§ What is expected
Find the line with "Maska Perfecta Bubble" in the data below. Repeat it and every line after it exactly, but not the pictures.

BEGIN Dataset excerpt

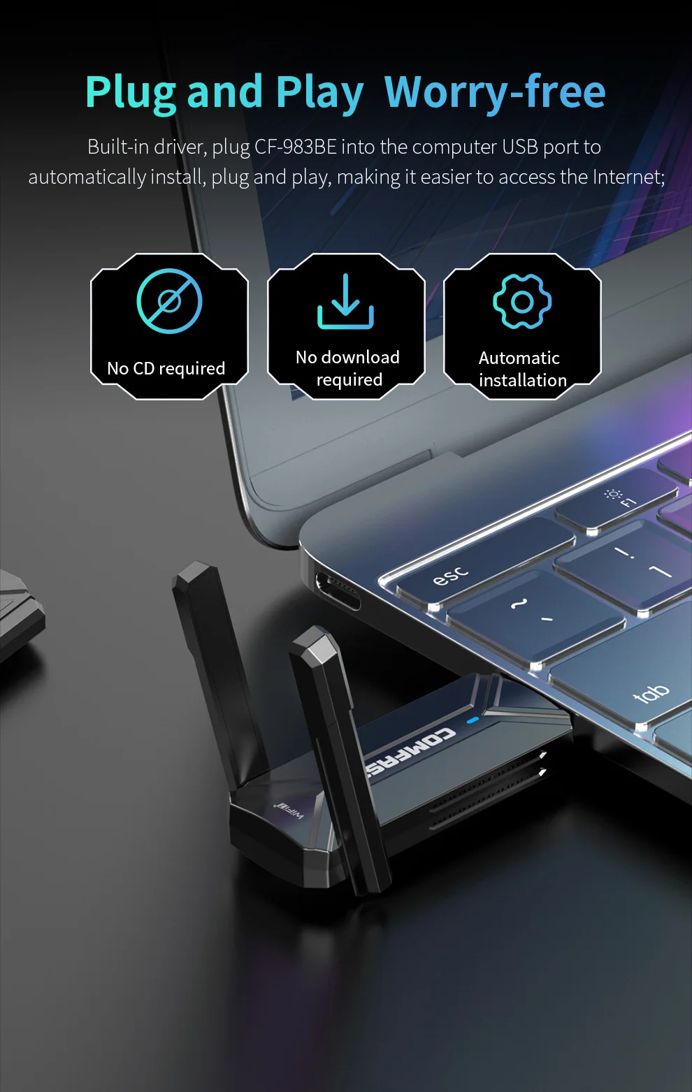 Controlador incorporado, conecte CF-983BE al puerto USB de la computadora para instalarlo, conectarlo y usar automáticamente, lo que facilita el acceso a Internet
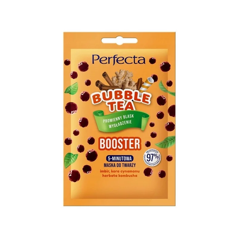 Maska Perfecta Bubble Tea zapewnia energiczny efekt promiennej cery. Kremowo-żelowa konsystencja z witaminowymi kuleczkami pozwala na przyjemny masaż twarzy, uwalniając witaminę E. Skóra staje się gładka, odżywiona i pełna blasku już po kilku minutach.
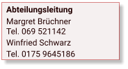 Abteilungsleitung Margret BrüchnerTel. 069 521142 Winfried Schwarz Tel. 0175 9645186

END Dataset excerpt

§ Task output
 Maska Perfecta Bubble Tea zapewnia energiczny efekt promiennej cery. Kremowo-żelowa konsystencja z witaminowymi kuleczkami pozwala na przyjemny masaż twarzy, uwalniając witaminę E. Skóra staje się gładka, odżywiona i pełna blasku już po kilku minutach.
 Abteilungsleitung Margret BrüchnerTel. 069 521142 Winfried Schwarz Tel. 0175 9645186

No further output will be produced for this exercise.